Теперь, когда камни отвердели настолько, что покрылись лесом, на Чуйском тракте все равно хватает чудес — бытовых, обиходных, нормальных. При всей славе Шукшина его родное село Сростки прославлено в первую очередь придорожным рынком. Все знают, что именно тут нужно сделать съестные припасы на дорогу. Рядом пестро облицованный магазин с прибитой картонкой: «Принимаем посуду: водочная — 1.00, Чебурашка 1.00». Вдоль шоссе на перевернутых ящиках — помидоры, яблоки, маринованные опята, квашеные грузди, кедровые орешки, мед, немного кукурузы в горячей воде. Рыночные разговоры: «разве на яйцо есть спрос? Скажи мне, ну везу я в город яйцо — и что? Привез яйцо — и что, я спрашиваю?» Главное, ради чего тормозят в Сростках легковые и грузовые, — чуть дальше. Сначала кажется, что сюда каким-то дивом переместился московский бульвар с длинным рядом бабушек, покачивающих детские коляски. Только здесь в колясках, для удобства транспортировки и сохранения тепла, заботливо укрытые одеяльцами — пирожки. С мясом, капустой, курагой, особо излюбленные — с луком и яйцами (яйцом!). Бабки привычным жестом поправляют одеяльца, что-то напевно приборматывают. Бабки окликают покупателей, не жалея ласкательных суффиксов, не повышая голоса. Бабки баюкают пирожки. Проходит и падает тушкен.

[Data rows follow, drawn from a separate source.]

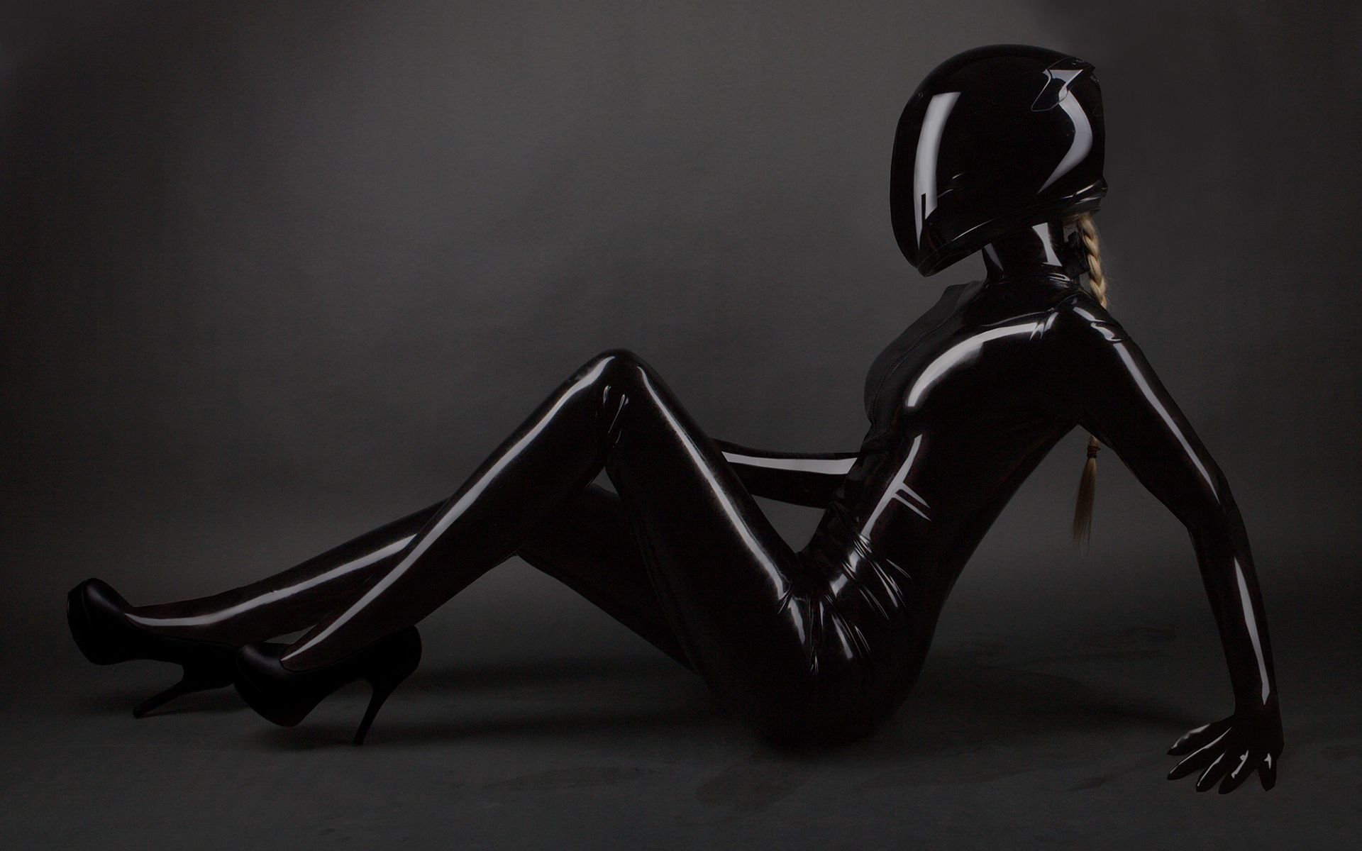 Description: A woman in a black latex outfit is sitting on the floor with her legs crossed and her legs crossed.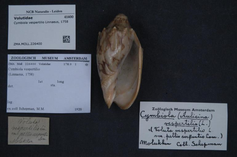 Keywords: Naturalis Biodiversity Center - ZMA.MOLL.226400 - Cymbiola vespertilio Linnaeus, 1758 - Volutidae - Mollusc shell.jpeg artwork Dimensions artwork Document type Volutidae Cymbiola Individual count Infraspecific epithet Infraspecific rank Institution Naturalis Kind of unit artwork Kind of unit specimen shell Life stage Medium artwork Nomenclatural code Scale the width of the text on the species/QR-code label is 38 mm Occurrence ID page Neogastropoda Other fields Other versions artwork Permission license Naturalis donation CC-0 Mollusca Publication location Scientific name Cymbiola vespertilio Linnaeus 1758 Scientific name authorship Linnaeus 1758 Source url http //bioportal naturalis nl Specific epithet vespertilio State or province Subject keywords artwork Subject keywords publication Title artwork Title publication Type status Uploaded with GWToolset Naturalis_Biodiversity_Center_-_ZMA MOLL 226400_-_Cymbiola_vespertilio_Linnaeus _1758_-_Volutidae_-_Mollusc_shell http //medialib naturalis nl/file/id/ZMA MOLL 226400/format/large Media donated by Naturalis Biodiversity Center Molluscs at Naturalis from the Zoölogisch Museum Amsterdam Cymbiola vespertilio Cymbiola |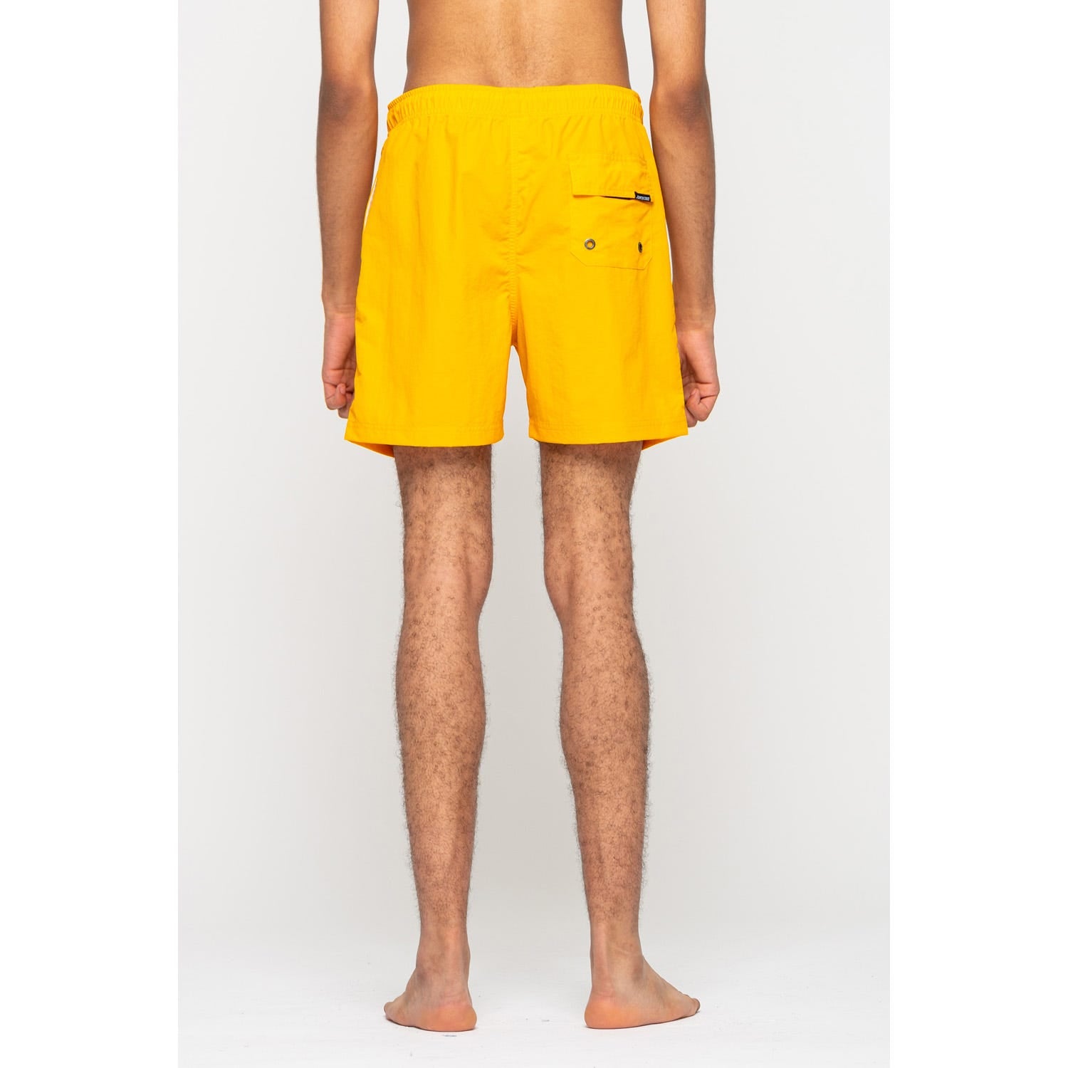 100% nylon, elasticated waist swimshort with 17" outseam, side pockets and back pocket, all over Aqua React print that's visible when wet and small hem embroidery.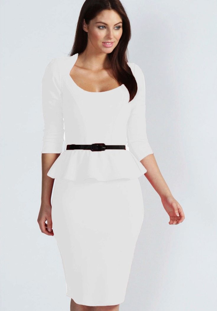 The classic sheath dress is just below the knee. The cut on the chest is round and shallow. This model has no sleeves and a variety of decorative elements - a belt, pockets, etc. Only thin straps are allowed.Traditionally, the sheath dress is made in black or in neutral colors - gray, beige or blue.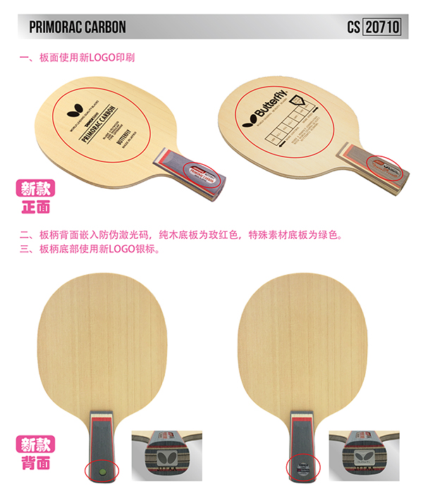Butterfly蝴蝶20710 普碳底板直拍普里莫拉茨碳(Butterfly Primorac Carbon CS)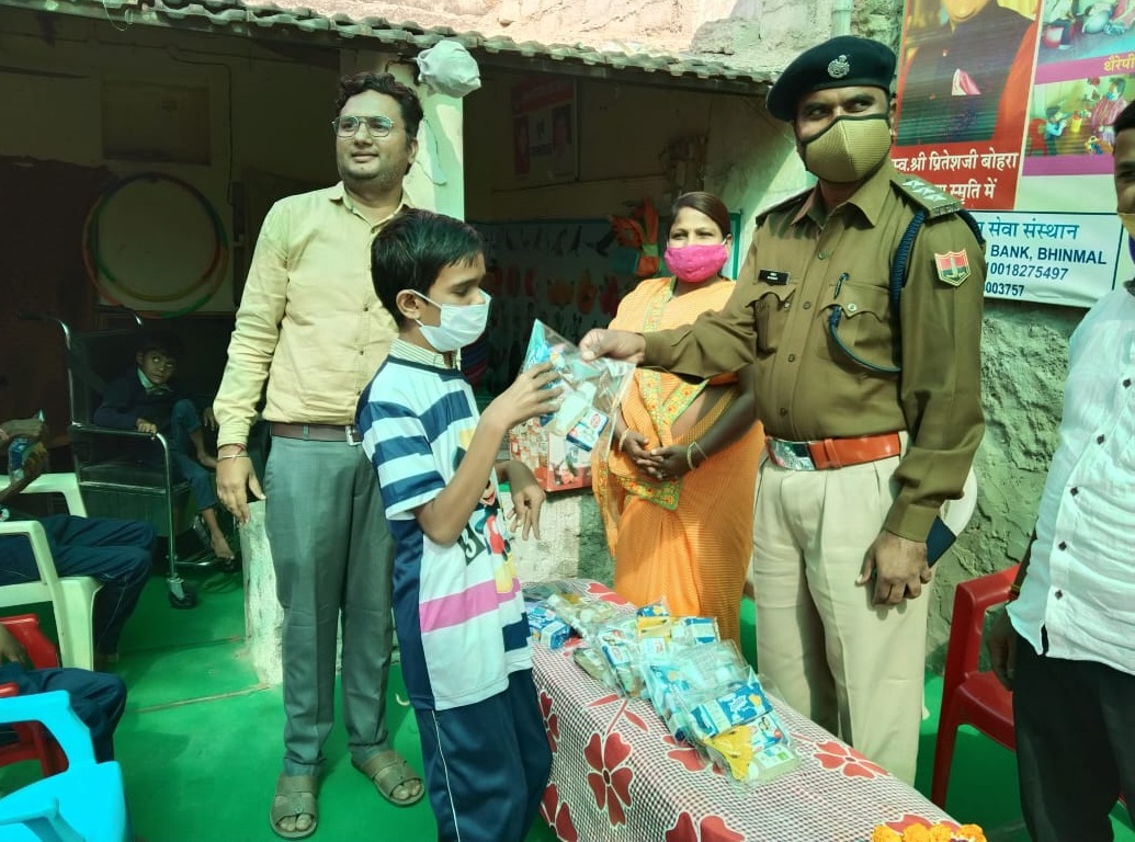 भीनमाल विश्व दिव्यांग दिवस के उपलक्ष में दिव्यांग सेवा संस्थान प्रीतेश डे केयर सेंटर में भीनमाल पुलिस उप अधीक्षक शंकरलाल की मौजूदगी में 3 दिसंबर शुक्रवार स्कूल परिसर में दोपहर 12:00 बजे मनाया गया इस दौरान उप अधीक्षक शंकरलाल ने स्कूल के द्वारा किए जा रहे इस ईश्वरीय कार्य पर प्रकाश डालते हुए कहा कि दिव्यांग बच्चों की सेवा ही सच्ची ईश्वर की सेवा है जिसमें मंदबुद्धि बच्चों को बोलना पढ़ना लिखना वह दैनिक कार्य की स्कूल के द्वारा दी जा रही जानकारी को बहुत ही सराहनीय कार्य कहा सभी दिव्यांग बच्चों को फेस मास्क व हैंड सैनिटाइजर वितरित किए स्कूल के संस्थापक पीयूष दवे ने सभी पधारे हुए वरिष्ठ जनों का हार्दिक आभार प्रकट किया इस कार्य में दिव्यांग बच्चों ने बहुत ही उत्साह व उमंग दिखा कार्यक्रम मैं स्कूल के अध्यक्ष वसना राम संस्थापक पीयूष दवे सह संस्थापक प्रवीण कुमार व्यवस्थापक मैडम नीता दवे रंजना अग्रवाल रेखा देवी अरुणा देवी एडवोकेट रवि कुमार बोहरा मीडिया प्रभारी ललित होंडा समेत स्कूल के बच्चे उपस्थित रहे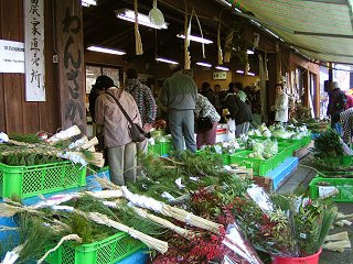 上水内郡中条村の道の駅中条で21日、特産品や地元の名人が作ったしめ飾りなどを販売する恒例の年の暮れ特産フェアーが開催されました。 (写真=21日撮影)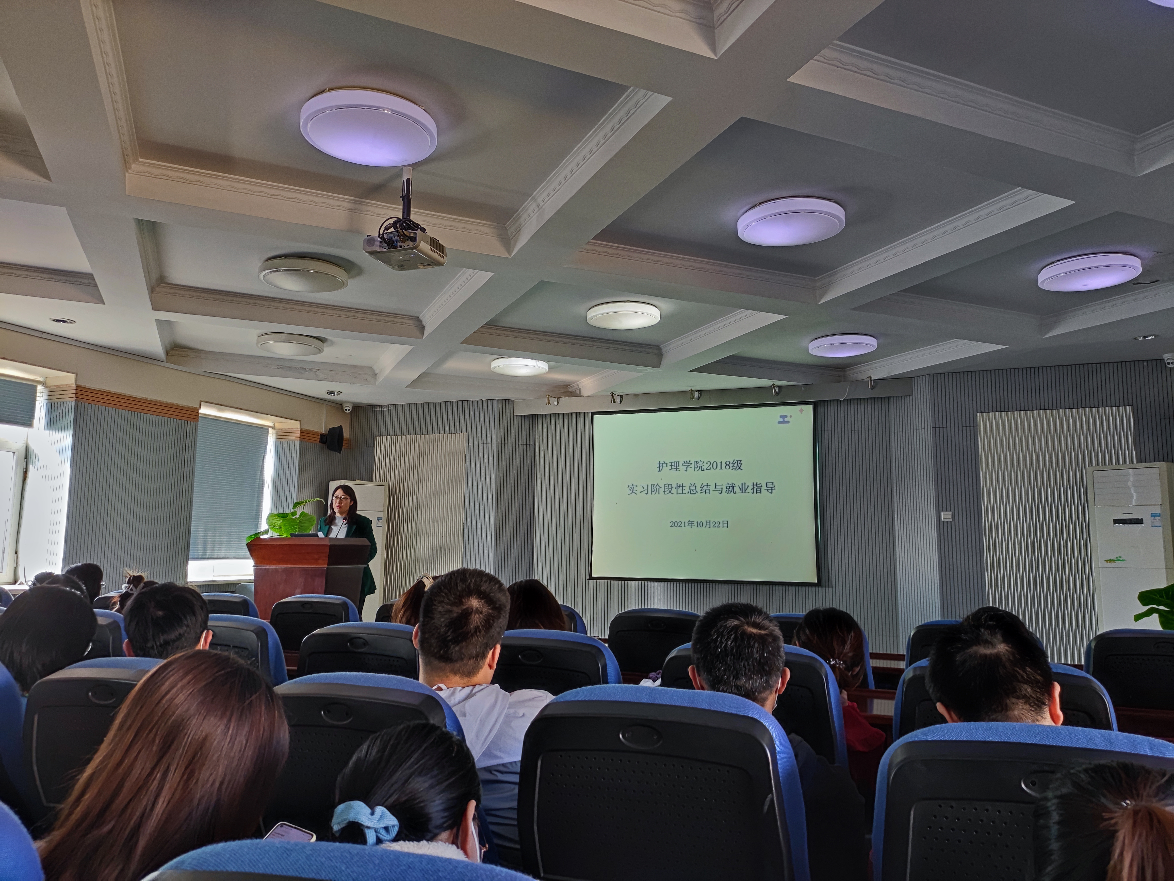 为提高太阳成集团tyc151cc教学质量,解决实习员工在实习过程中遇到的问题,加强毕业生对就业形势的了解,明确就业目标,增强就业技能,提升员工就业质量,太阳成集团tyc151cc于2021年10月22日下午在办公楼六楼报告厅召开毕业年级实习阶段性总结与就业指导主题会议。护理公司党委副书记兼副经理、2018级辅导员葛宗梅老师、科教科刘静泉老师及2018级全体在校实习员工参加本次会议。

У дома матери Василия Шукшина в Сростках установлен турникет — вряд ли затем, чтоб толпы не снесли в энтузиазме основной мемориальный объект на родине писателя, просто такова алтайская мода: турникеты при входе на турбазы, в дома отдыха, на мостики через ручьи (может, начальство из вахтеров). Тем не менее мысль о незарастающей тропе и мавзолейной очереди — возникает. Однако Сростки многолюдны только в конце июля, в шукшинские дни: все-таки слишком далеко от чего бы то ни было. Во дворе — бронзовый памятник работы Клыкова. Замираешь перед неандертальским обликом статуи: огромные кисти рук, свисающие до колен, круглые покатые плечи, вместо ступней — некие ласты, плавно переходящие в подножье. С пугающей простотой исполнен замысел: художник, вырастающий из земли, плоть от плоти.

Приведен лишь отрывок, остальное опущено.